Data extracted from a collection
──────────────────────────────

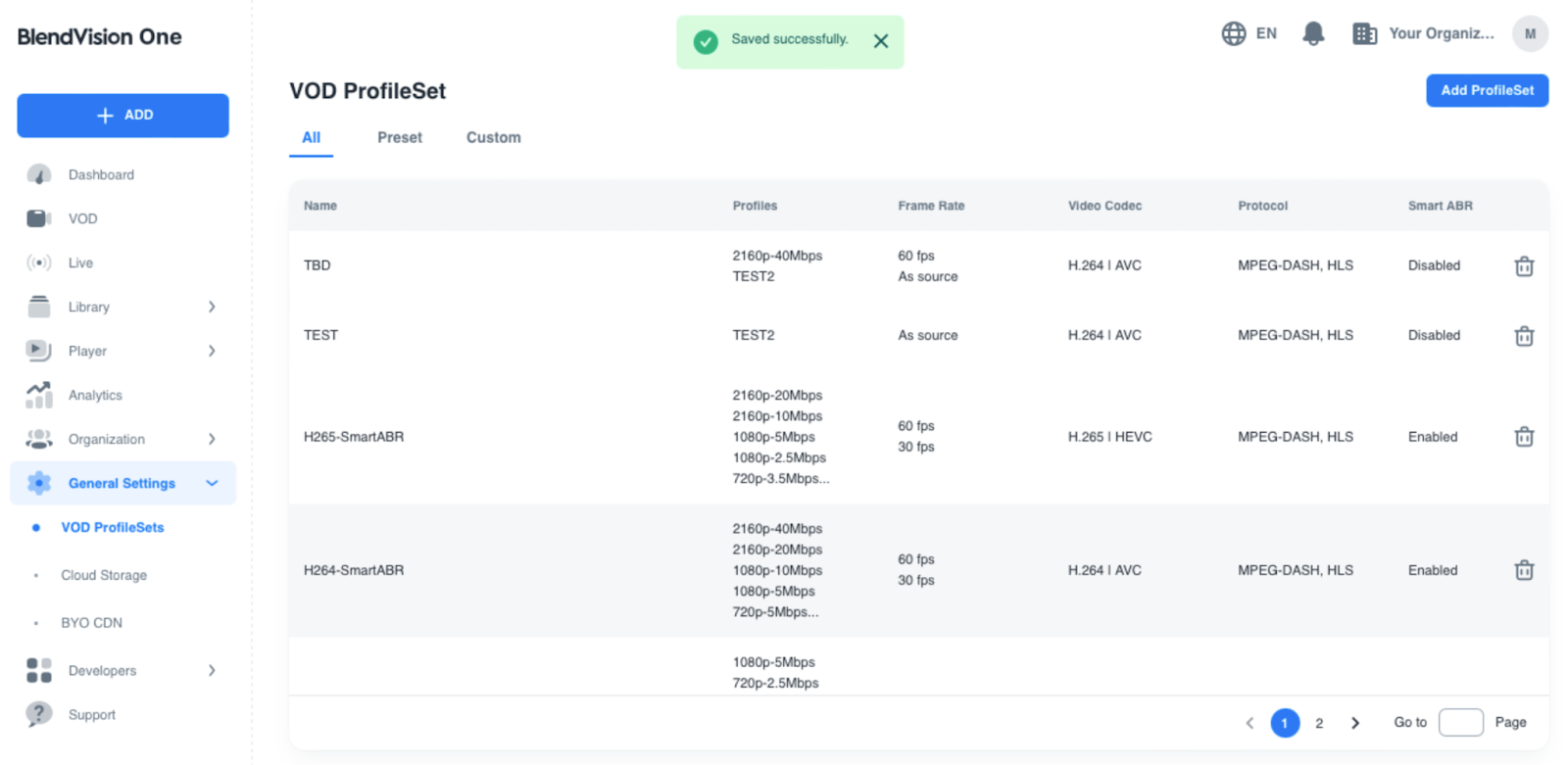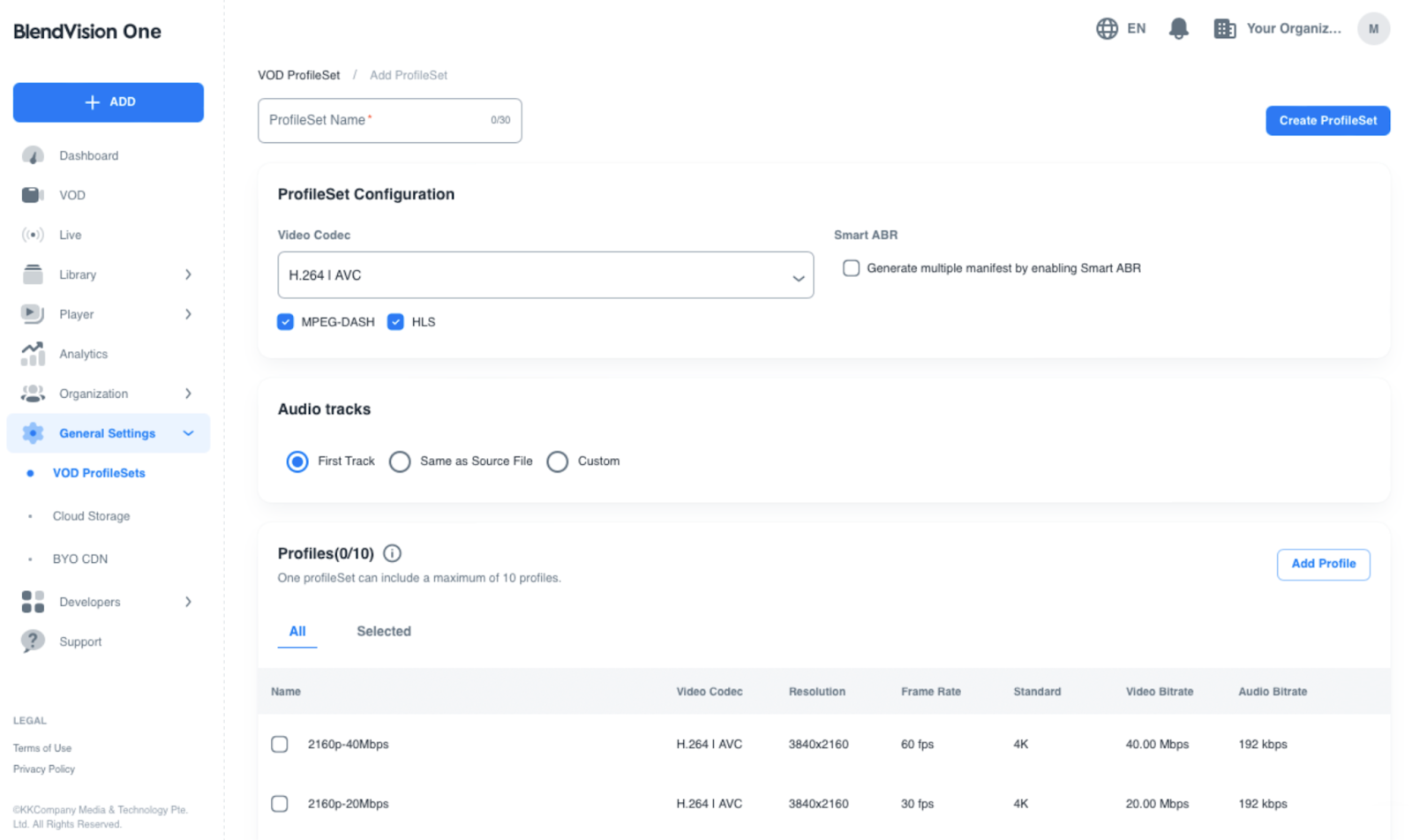 在 BlendVision One 中,您需要將輸出解析度和比特率定義到 ProfileSet 中,以確定每個 VOD 的轉檔輸出的編解碼器和串流協議。BlendVision One 提供了讓您可以通過自定 ProfileSets 或使用我們提供的預設,輕鬆製作適應性串流。
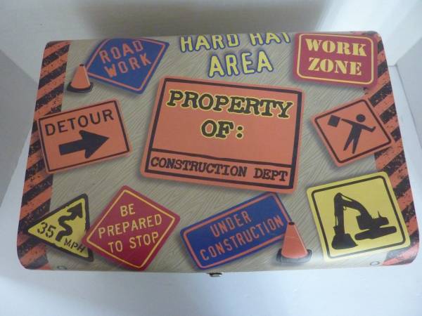 Boys trunk with toys included. The lid has a snap closure and tools design. The trunk measures 14"x10"x8". Toys include those shown in the photos and they are used. The trunk is in great condition...
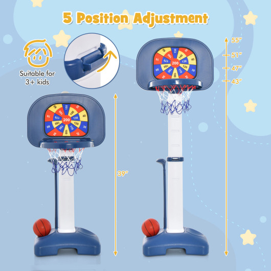 4-In-1 Adjustable Kids Basketball Hoop with Ring Toss Sticky Ball
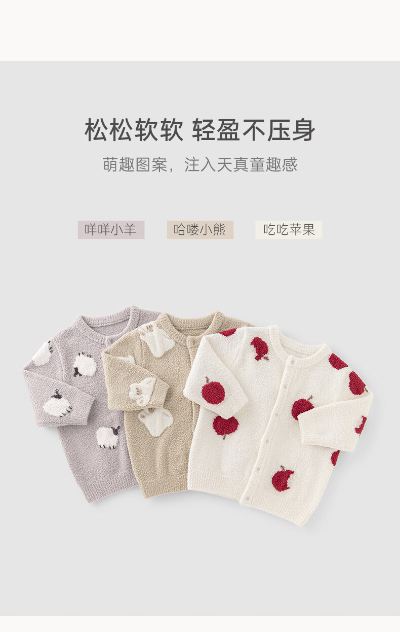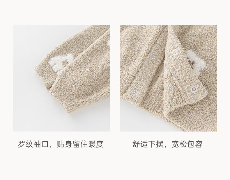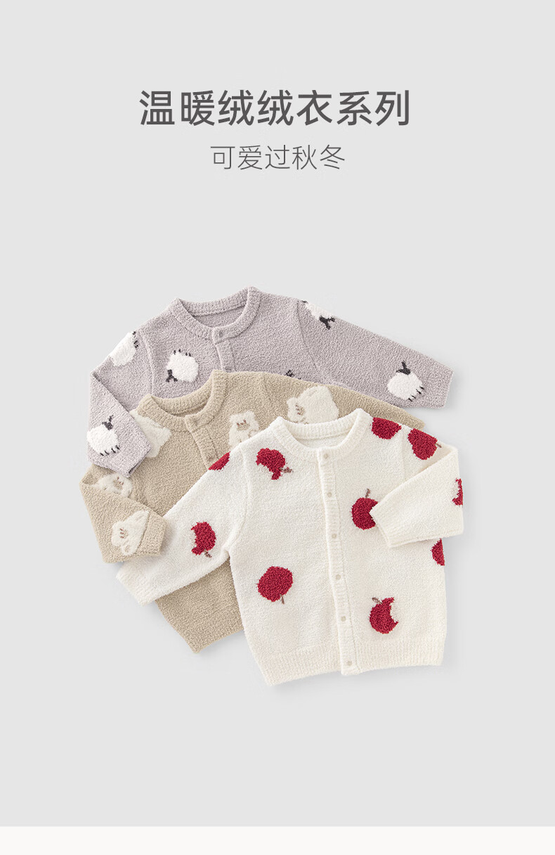 乖奇熊【半边绒】男女童外套秋冬季宝宝保暖长袖上衣服婴幼儿洋气外出服 小白杏吃吃苹果 100
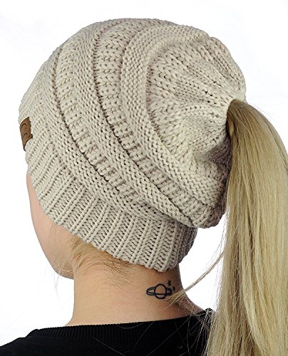 Binding : Apparel Product Description BeanieTail Soft Stretch Cable Ponytail Messy Bun Beanie Solid Warm Knit Hat: Perfect for pulling your messy bun or high ponytail throngh on chilly days,whatever your hair type,this winter hats will make you look great The knit beanie is soft and comfortable,offers you long-lasting warmth,made by 100% fibres fabric Trendy knit hat is stylish and nice,time saving and suiable for leisure,snow sports,caping,outdoor activities 0
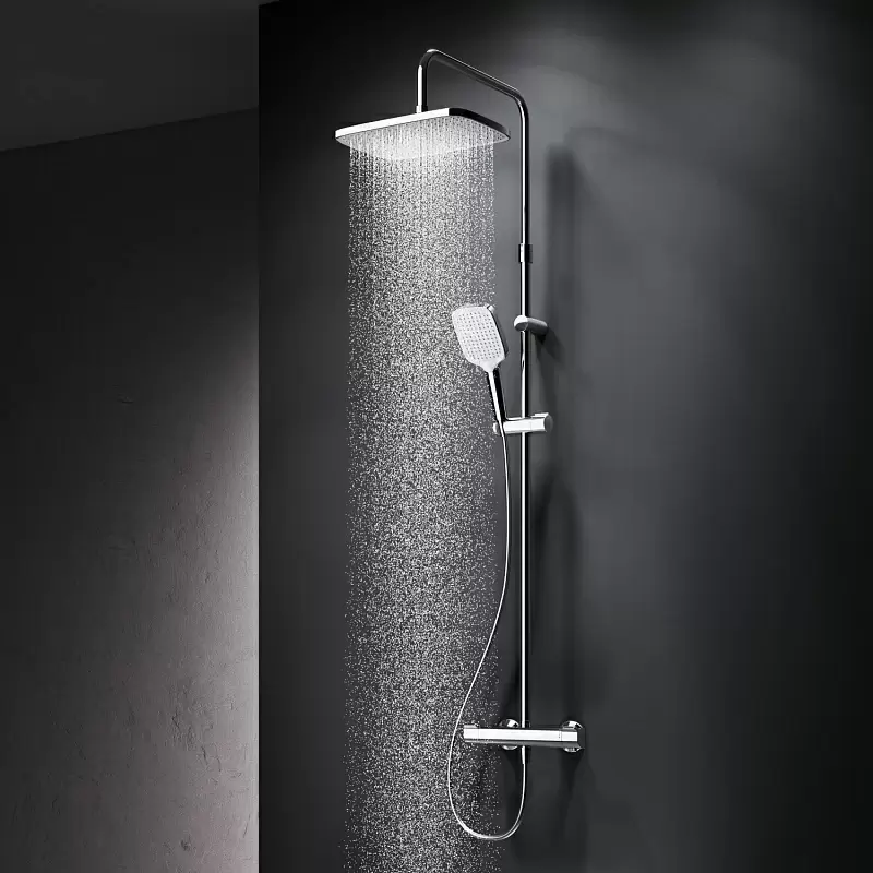 Хорошая немецкая система, мне очень нравится. Купила ее уже давно, все руки не доходили написать отзыв. За год работы система не дала сбой ни разу, так что придираться не к чему. Все работает как часы, видно что производители не пожалели денег при производстве. Покупала год назад, кстати, значительно дороже, но о потраченных деньгах до сих пор ни капли не жалею. Если детально описывать систему, то первое слово которое приходит на ум - это добротная. Она и весит очень прилично, я по незнанию заказала с самовывозом, так еле эту коробку довезла, руки потом болели пару дней. Сама штанга явно сделана из толстого сплава, потому что она даже греется не очень сильно, когда по ней вода горячая течет. Все соединения отлично подошли друг к другу, деталей полностью хватило, ничего из своего кармана докупать не пришлось. Очень, конечно, клевый верхний душ, я вообще не представляю человека, кому бы он не понравился. Струйки мелкие, очень приятно расслабляют и снимают стресс. Ручной душ самый обычный, не поломался до сих пор, нет никаких струй в бок, шланг работает - вот и хорошо. Переключатель самый обычный, работает тоже как часы, все хорошо переключается и регулируется. Мы эту всю прелесть не надо после каждого душа, просто тряпочкой протираю при уборке, ничего не прилипает к нему. На мой взгляд, это хорошая покупка, я бы всем, кто ищет такого плана систему, советовала.
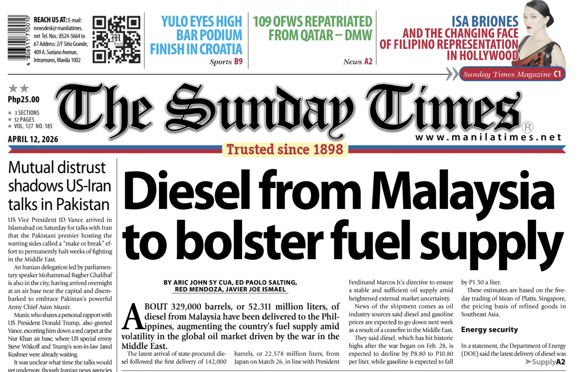 Jabatan Tenaga Filipina hari ini melaporkan ketibaan penghantaran kedua diesel dari Malaysia, namun, Petronas dan MTEN menafikan penglibatan mereka dalam laporan tersebut.
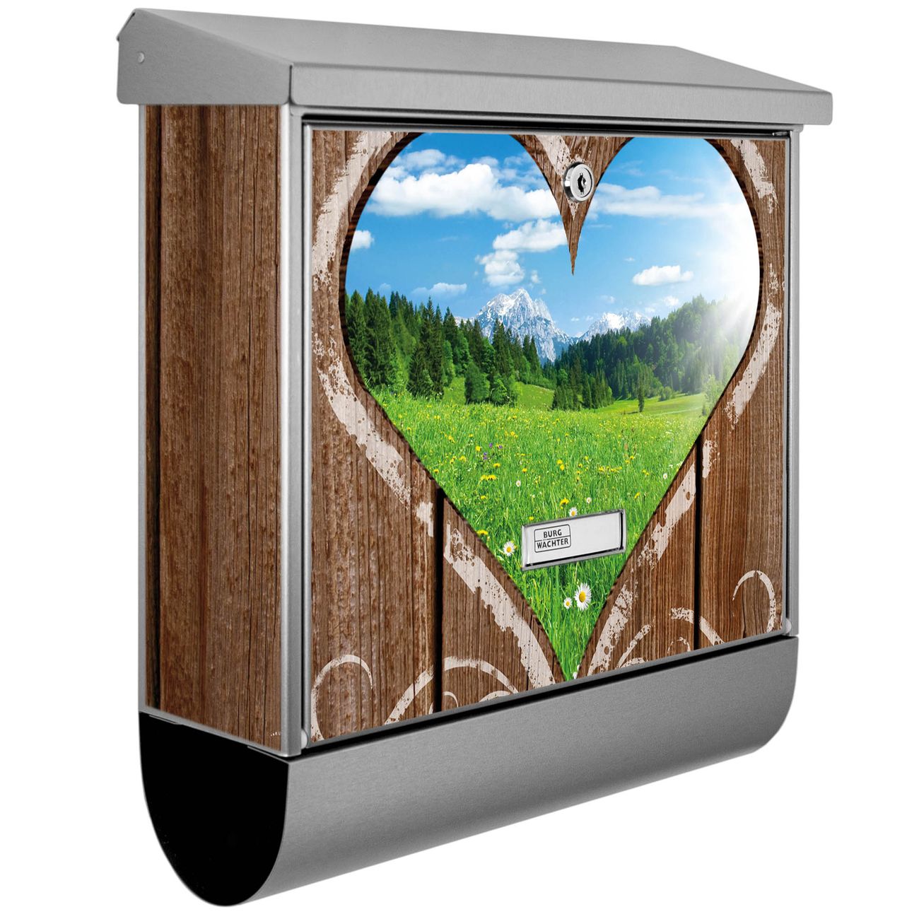 Der BURG-WÄCHTER Edelstahl Briefkasten mit Motiv Ausblick mit Herz und Zeitungsrolle bietet Ihnen mit seinem Fassungsvermögen genügend Platz auch für große A4 Sendungen und Zeitschriften. Das integrierte Regendach schützt Ihre Post vor dem Eindringen von Regen.
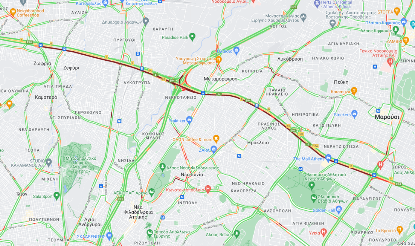 Συγκεκριμένα, παρατηρούνται από νωρίς το πρωί καθυστερήσεις πάνω από 30 λεπτά στο ρεύμα προς Αεροδρόμιο από τον κόμβο Φυλής στο Ζεφύρι μέχρι τον κόμβο Κηφισίας.
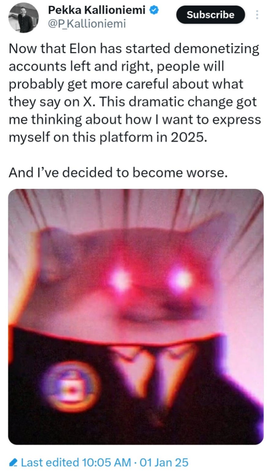 Now that Elon has started demonetizing accounts left and right, people will probably get more careful about what they say on X. This dramatic change got me thinking about how I want to express myself on this platform in 2025.

──────────────────────────────

> Problem requirements
The copy should hold only the lines from the one with "4-In-1 Adjustable Kids" through the one with "Binding : Apparel", exactly as they stand above. Leave out the pictures.

> Exercise response
 4-In-1 Adjustable Kids Basketball Hoop with Ring Toss Sticky Ball
 乖奇熊【半边绒】男女童外套秋冬季宝宝保暖长袖上衣服婴幼儿洋气外出服 小白杏吃吃苹果 100
 Binding : Apparel Product Description BeanieTail Soft Stretch Cable Ponytail Messy Bun Beanie Solid Warm Knit Hat: Perfect for pulling your messy bun or high ponytail throngh on chilly days,whatever your hair type,this winter hats will make you look great The knit beanie is soft and comfortable,offers you long-lasting warmth,made by 100% fibres fabric Trendy knit hat is stylish and nice,time saving and suiable for leisure,snow sports,caping,outdoor activities 0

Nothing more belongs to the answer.